Nach den drei Pausen-Rückständen gegen Würzburg, Hoffenheim und Stuttgart hatte Wagner mit seiner Mannschaft besprochen, an welchen Stellschrauben es zu drehen gilt. Das Resultat gegen Bremen war eine 1:0-Führung zur Halbzeit – und eine ganz schwache Anfangsphase nach dem Seitenwechsel. „Wir hatten in den letzten Spielen Probleme in der zweiten Halbzeit, jetzt war es genau andersherum. Ich bin enttäuscht, dass wir den Mut verloren haben, weiter zu attackieren“, so Wagner.
Ich will einfach, dass wir mit diesem Verein Erfolg haben. Ich habe Bock auf die Jungs, habe Bock auf den Verein.
René Wagner
Der 38-Jährige trauerte dem verpassten zweiten Heimsieg hinterher – die Möglichkeit war da, hätte nur ergriffen werden müssen. „In der ersten Halbzeit hatten wir das Spiel unter Kontrolle, man denkt auch als Trainer: Heute haben wir eine riesige Chance, das Spiel zu gewinnen. Dann merkst du in der zweiten Halbzeit: Die Jungs haben ein paar Probleme. Dann ärgere ich mich.“ Dann wird notfalls auch die Bank malträtiert.
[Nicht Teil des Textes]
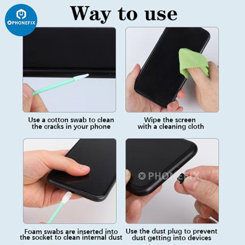 Way to use: Clean the surface dust of the phone with the nylon brush, then wipe the screen with a cleaning cloth, use the foam swab stick insert to the appropriate phone jack to clean the inner dust, and then you can use the dust plug to prevent dust and dirt from getting into your devices
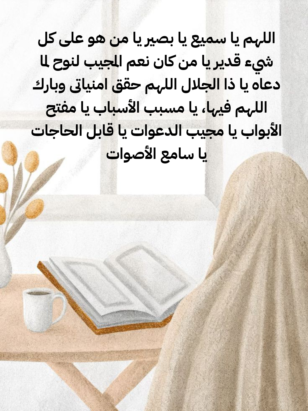 - يا الله، أنت الواحد الأحد أعلم بحالي وضعفي فاجعل لي من لدنك فرجًا يملأ قلبي بالطمأنينة وأعنّي على الصبر حتى تأتي أقدارك بما تسرّ نفسي.
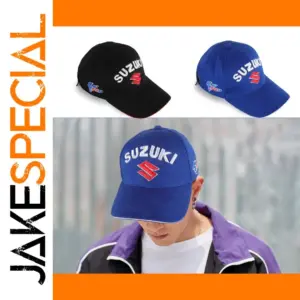 - Available in bold black and vivid blue colors, each featuring striking embroidery of the Suzuki logo in white and a red emblem for increased visibility.
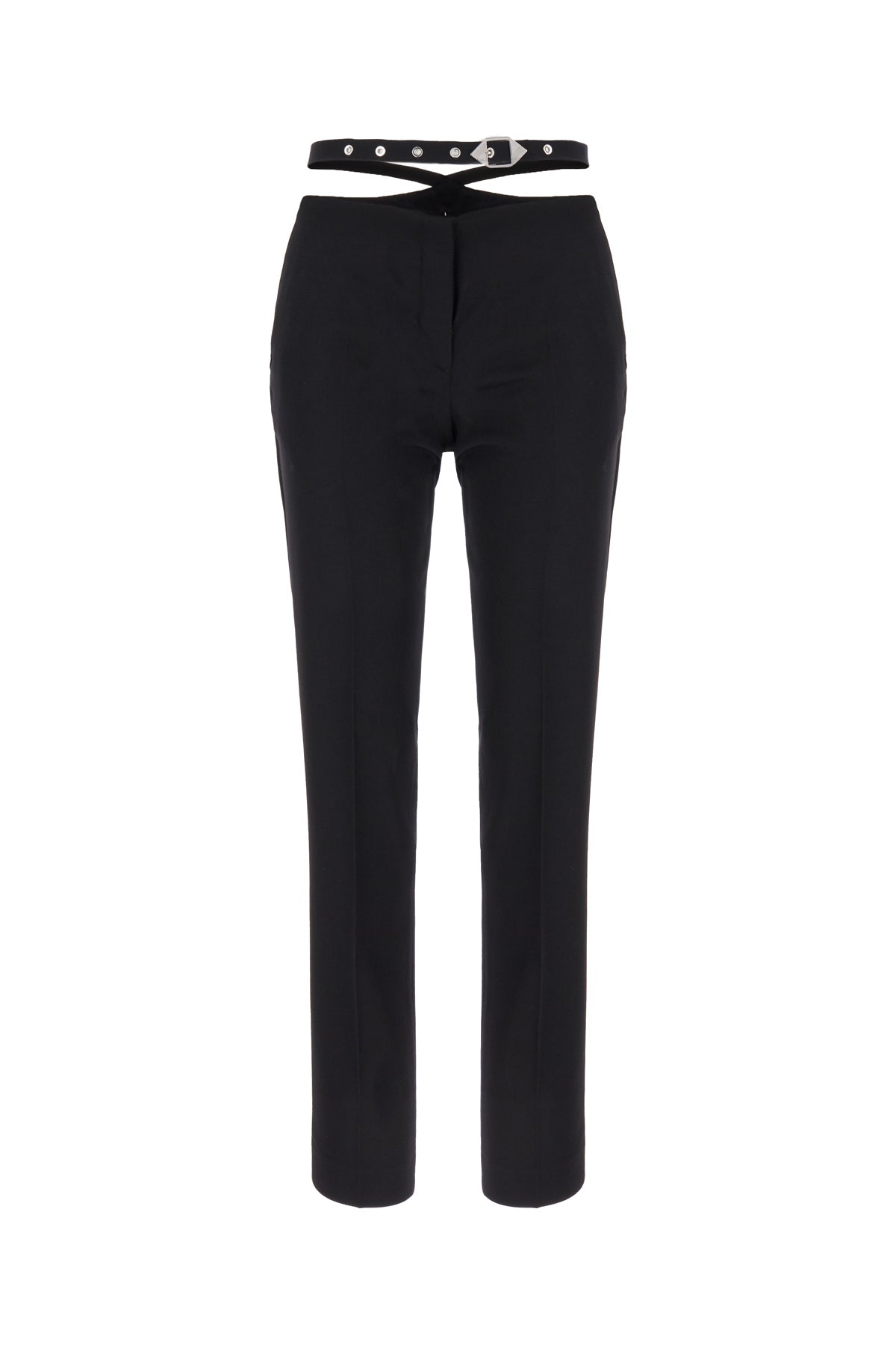 Pantalone realizzato in pura lana vergine arricchito da inserto in tessuto tonale da annodare in vita.
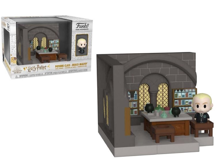 Scena z lekcji eliksirów z Harry'ego Pottera jako diorama Funko POP z Draco Malfoyem. Funko POP to kolekcjonerskie figurki oparte na postaciach z najsłynniejszych filmów, seriali, gier wideo i innych popularnych tematów, które dzięki humorystycznemu potraktowaniu cieszą się sympatią fanów na całym świecie.
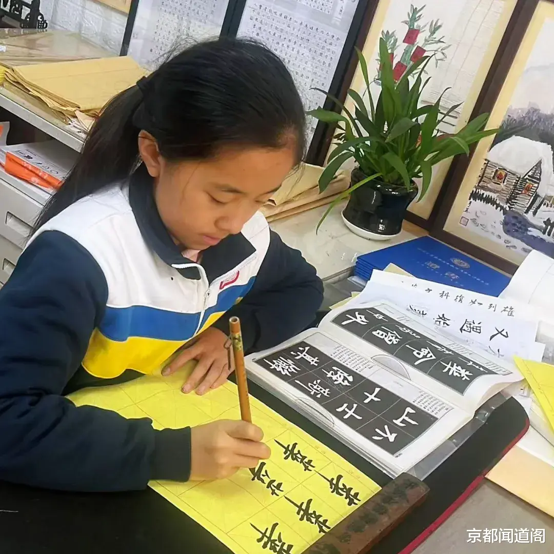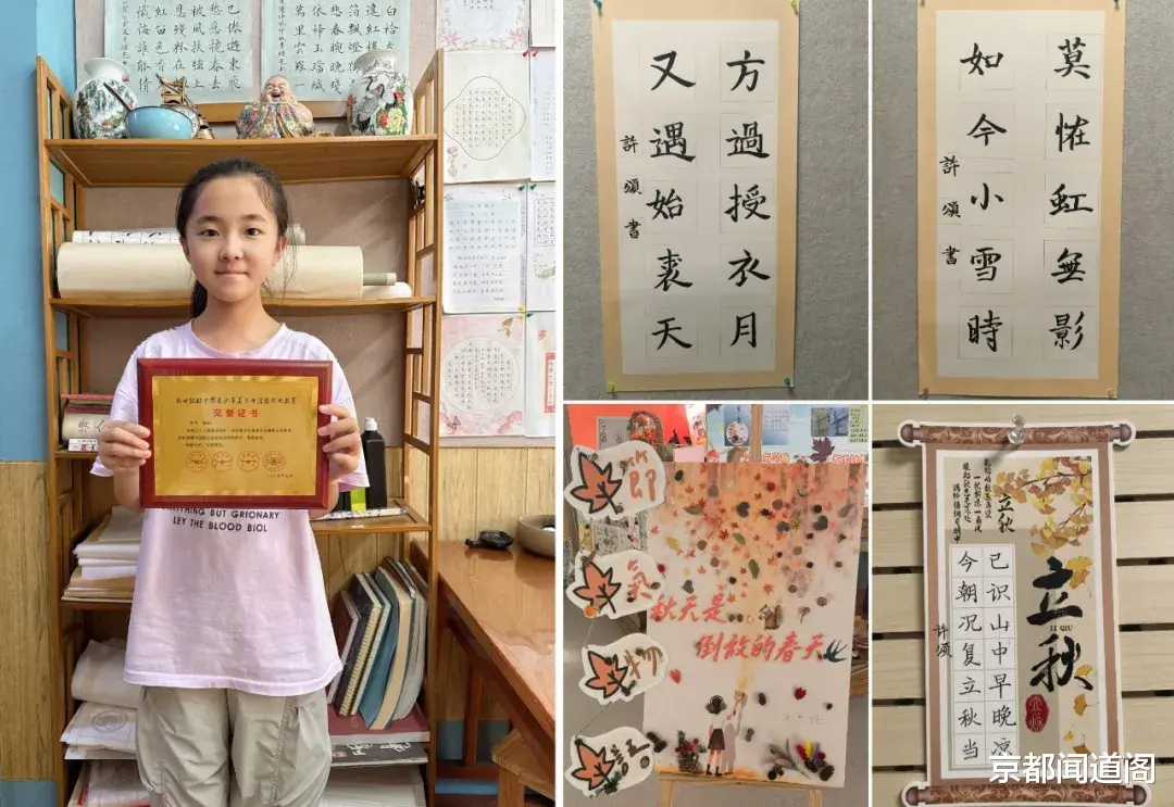 在学校橱窗里,许颂的硬笔与软笔书法作品格外引人注目,难怪她能够获得书法比赛金奖。但她却很谦虚:“感觉自己的字还有很大上升空间。” 她介绍,学校有书法课,自己小时候也专门学过,所以一直很重视书法练习,“现在硬笔比软笔稍微好一点”。
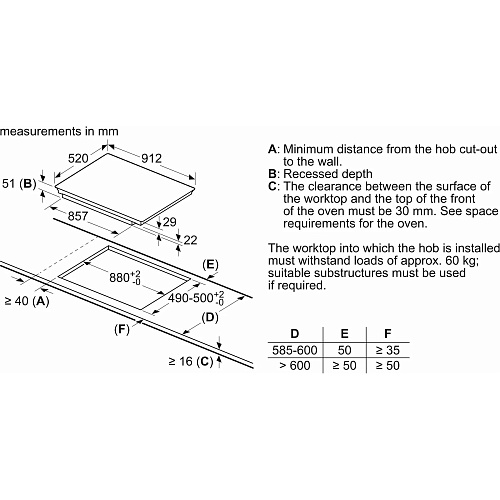 Розміри | 912 х 520 мм (варильна поверхня) • 880 х 490-500 х 51 мм (монтажні розміри) |
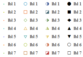 markers1 = {{\!\(\* GraphicsBox[ {EdgeForm[None], {GrayLevel[1], DiskBox[{0, 0}]}, {Thickness[0.1], CircleBox[{0, 0}]}}, ImageSize->15]\), 0.06}, {\!\(\* GraphicsBox[ {EdgeForm[None], {GrayLevel[1], RectangleBox[{0, 0}]}, {Thickness[0.1], LineBox[{{0, 0}, {1, 0}, {1, 1}, {0, 1}, {0, 0}}]}}, ImageSize->15]\), 0.06}, {\!\(\* GraphicsBox[ {EdgeForm[None], {GrayLevel[1], PolygonBox[{{0.5, 0}, {1, 0.5}, {0.5, 1}, {0, 0.5}}]}, {Thickness[0.1], LineBox[{{0.5, 0}, {1, 0.5}, {0.5, 1}, {0, 0.5}, {0.5, 0}}]}}, ImageSize->15]\), 0.07}, {\!\(\* GraphicsBox[ {EdgeForm[None], {GrayLevel[1], EdgeForm[None], PolygonBox[{{0, 0.067}, {1, 0.067}, {0.5, 0.933}}]}, {Thickness[0.1], LineBox[{{0, 0.067}, {1, 0.067}, {0.5, 0.933}, {0, 0.067}}]}}, ImageSize->15]\), 0.07}, {\!\(\* GraphicsBox[ {EdgeForm[None], {Opacity[0], EdgeForm[None], RectangleBox[{0, 0}, {1, 1.2}]}, {GrayLevel[1], PolygonBox[{{0, 0.933}, {1, 0.933}, {0.5, 0.067}}]}, {Thickness[0.1], LineBox[{{0, 0.933}, {1, 0.933}, {0.5, 0.067}, {0, 0.933}}]}}, ImageSize->15]\), 0.07}}; markers2 = {{\!\(\* GraphicsBox[ {EdgeForm[None], {GrayLevel[1], DiskBox[{0, 0}]}, DiskBox[{0, 0}, 1, NCache[{Rational[1, 2] Pi, Rational[-1, 2] Pi}, { 1.5707963267948966`, -1.5707963267948966`}]], {Thickness[0.1], CircleBox[{0, 0}]}}, ImageSize->15]\), 0.06}, {\!\(\* GraphicsBox[ {EdgeForm[None], {GrayLevel[1], RectangleBox[{0, 0}]}, PolygonBox[{{0, 0}, {1, 0}, {1, 1}}], {Thickness[0.1], LineBox[{{0, 0}, {1, 0}, {1, 1}, {0, 1}, {0, 0}}]}}, ImageSize->15]\), 0.06}, {\!\(\* GraphicsBox[ {EdgeForm[None], {GrayLevel[1], PolygonBox[{{0.5, 0}, {1, 0.5}, {0.5, 1}, {0, 0.5}}]}, PolygonBox[{{0.5, 0}, {1, 0.5}, {0.5, 1}}], {Thickness[0.1], LineBox[{{0.5, 0}, {1, 0.5}, {0.5, 1}, {0, 0.5}, {0.5, 0}}]}}, ImageSize->15]\), 0.07}, {\!\(\* GraphicsBox[ {EdgeForm[None], {Opacity[0], RectangleBox[{0, -0.1}, {1, 1}]}, {Opacity[0], RectangleBox[{0, -0.1}, {1, 1}]}, {GrayLevel[1], PolygonBox[{{0, 0.067}, {1, 0.067}, {0.5, 0.933}}]}, PolygonBox[{{0.5, 0.067}, {1, 0.067}, {0.5, 0.933}}], {Thickness[0.1], LineBox[{{0, 0.067}, {1, 0.067}, {0.5, 0.933}, {0, 0.067}}]}}, ImageSize->15]\), 0.07}, {\!\(\* GraphicsBox[ {EdgeForm[None], {Opacity[0], RectangleBox[{0, 0}, {1, 1.2}]}, {GrayLevel[1], PolygonBox[{{0, 0.933}, {1, 0.933}, {0.5, 0.067}}]}, PolygonBox[{{0.5, 0.933}, {1, 0.933}, {0.5, 0.067}}], {Thickness[0.1], LineBox[{{0, 0.933}, {1, 0.933}, {0.5, 0.067}, {0, 0.933}}]}}, ImageSize->15]\), 0.07}}; labels = Array[Row[{"lbl ", #1}] &, 7]; Row[{PointLegend[88, labels, LegendMarkerSize -> {15, 15}, LabelStyle -> {GrayLevel[0.3], Bold, 16}], PointLegend[68, labels, LegendMarkers -> markers1, LegendMarkerSize -> {15, 15}, LabelStyle -> {GrayLevel[0.3], Bold, 16}], PointLegend["DarkRainbow", labels, LegendMarkers -> markers2, LegendMarkerSize -> {15, 15}, LabelStyle -> {GrayLevel[0.3], Bold, 16}], PointLegend[Table[Black, {7}], labels, LegendMarkerSize -> {15, 15}, LegendMarkers -> {{Automatic, 20}}, LabelStyle -> {GrayLevel[0.3], Bold, 16}]}, Spacer[10]]

Wagner wurde auch nach Abpfiff noch einmal emotional, betonte: „Ich will einfach, dass wir mit diesem Verein Erfolg haben. Ich habe Bock auf die Jungs, habe Bock auf den Verein – wir alle haben Bock, hier gemeinsam richtig guten Fußball zu spielen.“ Und dafür müssen anhaltende Achillesfersen wie die eklatante Standardschwäche weiter bearbeitet werden.